Our longer term plan is to get away from fitting ODEs and use SDEs with proper streaming algorithms (see here: StanCon 2020. Talk 5: Simon Maskell. Towards an Interface for Streaming Stan - YouTube), but that’s not quite ready to use in anger yet.

3 Likes

@Funko_Unko, R package here: GitHub - codatmo/stanIncrementalImportanceSampling: Basic R package to perform importance sampling to update fitted Stan models with new data, consisting of a single function importance_sampling that takes as input: the original stanfit object; the original data as a list; the original data plus the new data as a list. It then outputs the importance weights for each iteration.

You need to predict a week into the future for example so that the parameters for those days are there in the fitted model to be reweighted with the new data when it’s available.

2 Likes

That’s great, thanks both of you, I’ll have a look.

If there is interest I’d like to hook up some data generating process COVID simulations to this effort. What is the current model in play that I can run on a laptop?
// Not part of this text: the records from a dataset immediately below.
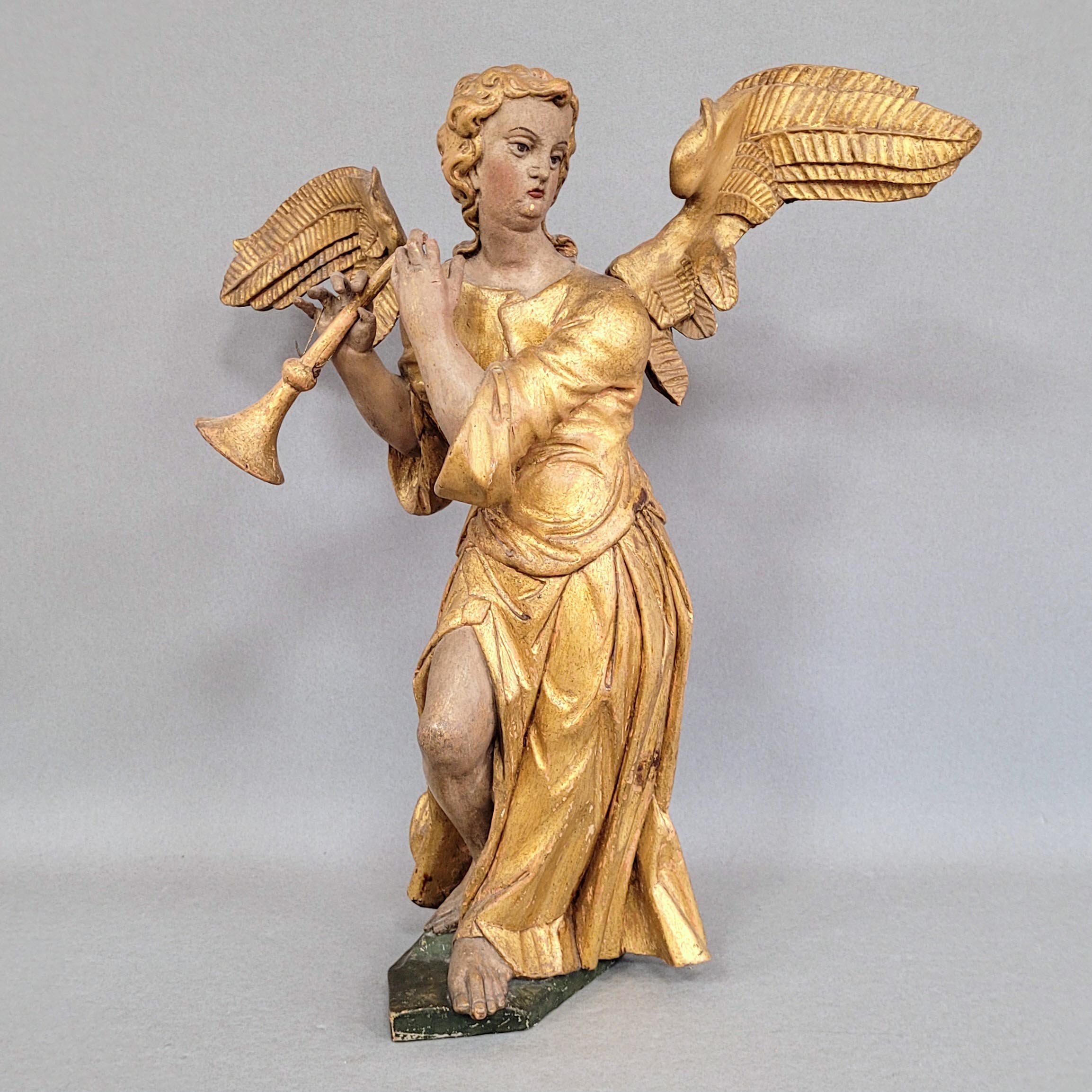 Holz, geschnitzt, rückseitig gehöhlt, alte Fassung und Vergoldung, Süddeutsch, um 1700, Höhe 50 cm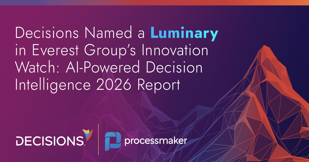 To explore why Decisions was recognized as a Luminary in Everest Group’s AI-powered Decision Intelligence 2026 report, connect with a Decisions platform expert.
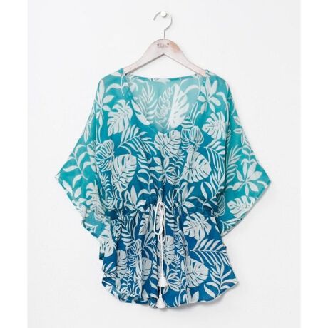 [型番:4IA-6107-2026]軽やかなレーヨン素材で涼しく快適に着られるUVカットトップス。鮮やかなカラーがハワイを思わせ、ウエストを絞ることでシルエットの変化も楽しめる、リゾート感のある一枚です。UVカット加工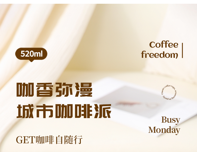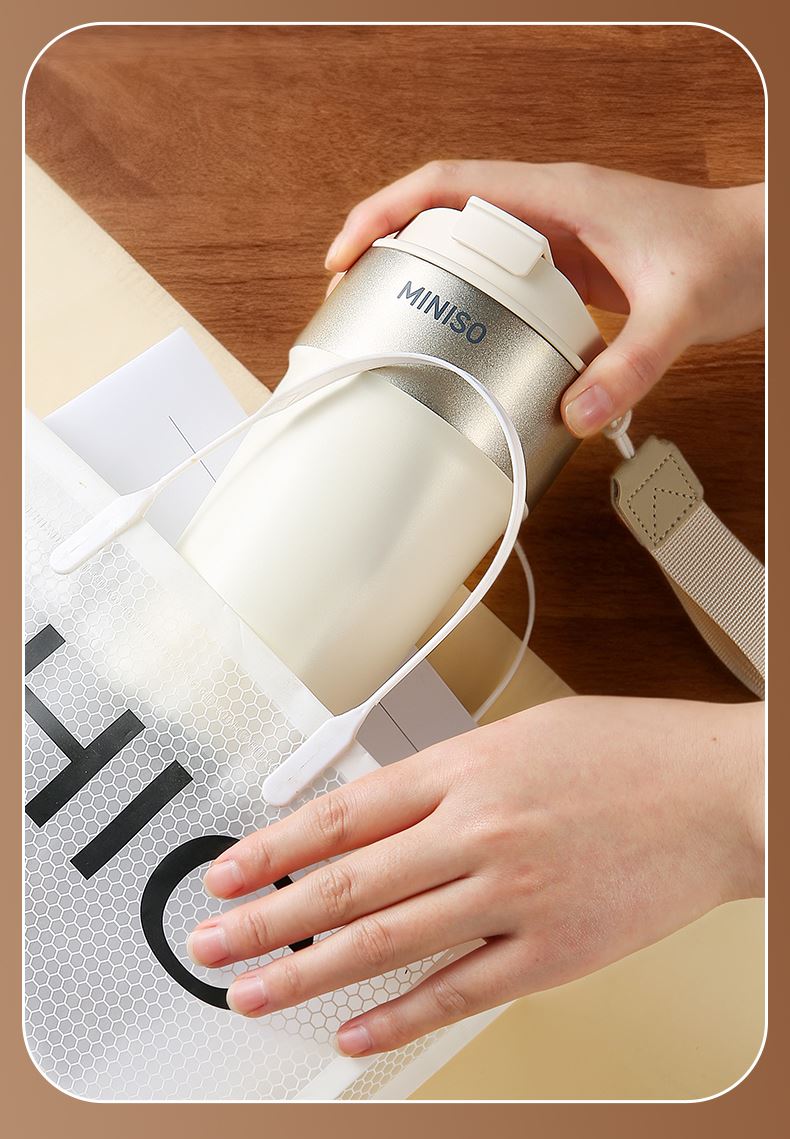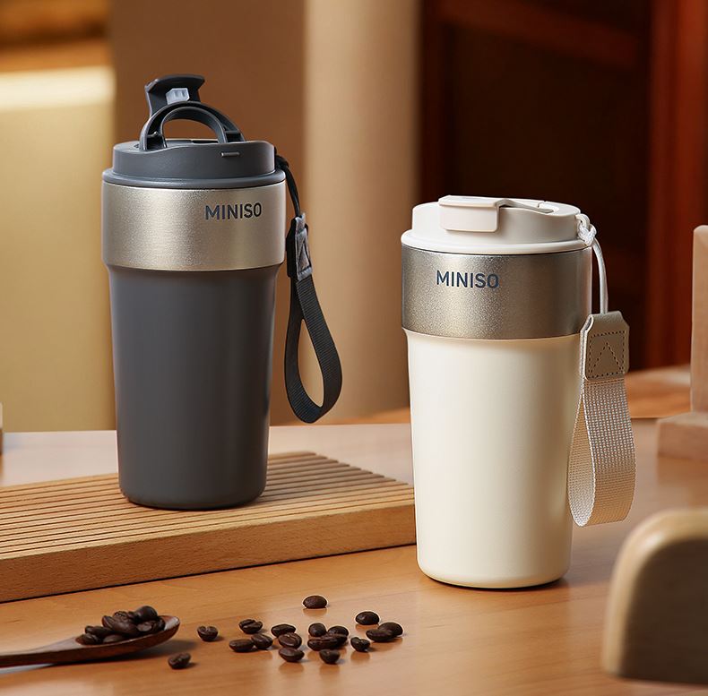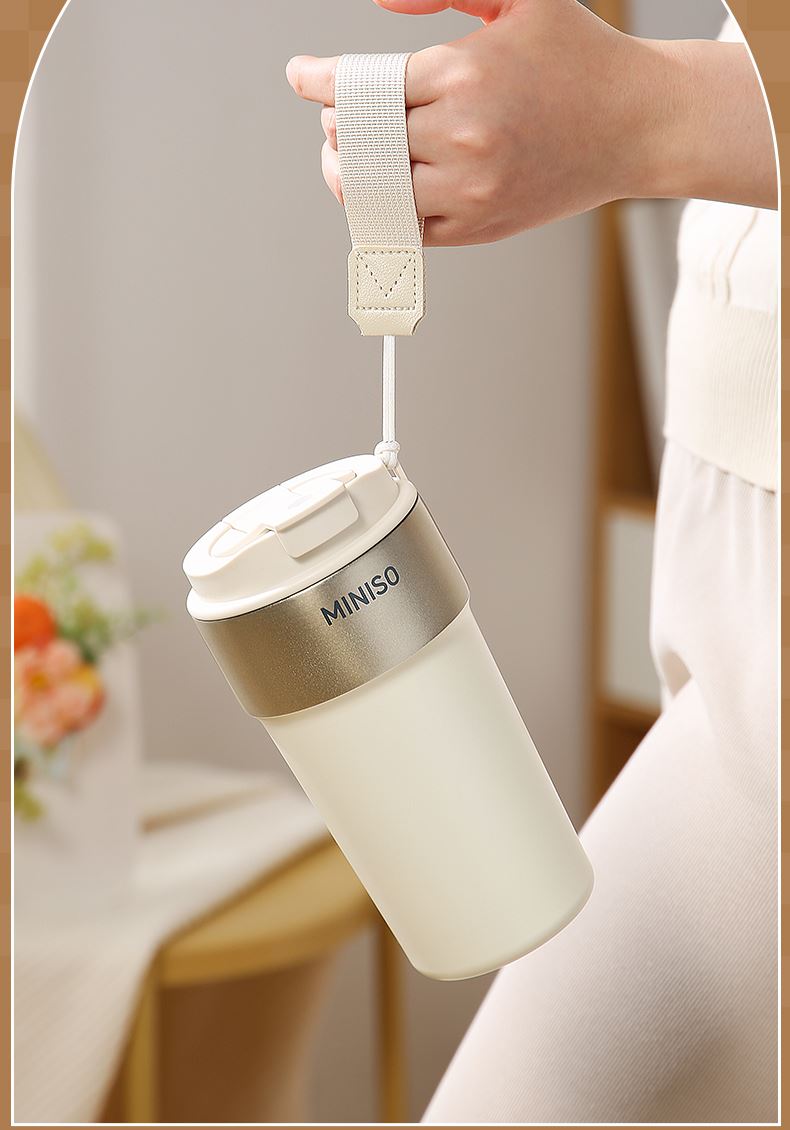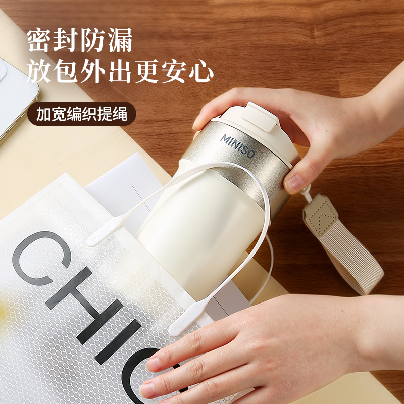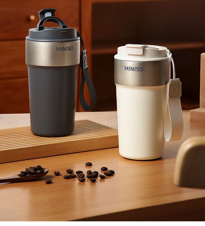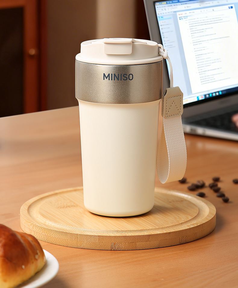名创优品316L不锈钢咖啡杯高颜值便携吸管杯520ml

I think recovering some known generating parameters could shed some light on the work. I am particularly interested in the integration of social media data into the model.

Page on what I have done, I have a busted connection to the early version Liverpool model.

https://codatmo.github.io/dataGeneratingProcess1/

I am also interested in integration of social media data into the model. CoDatMo’s Liverpool NHS 111 calls models from my inspection do the opposite. They somehow predict calls from the infections in the model. See lines 209-221 here.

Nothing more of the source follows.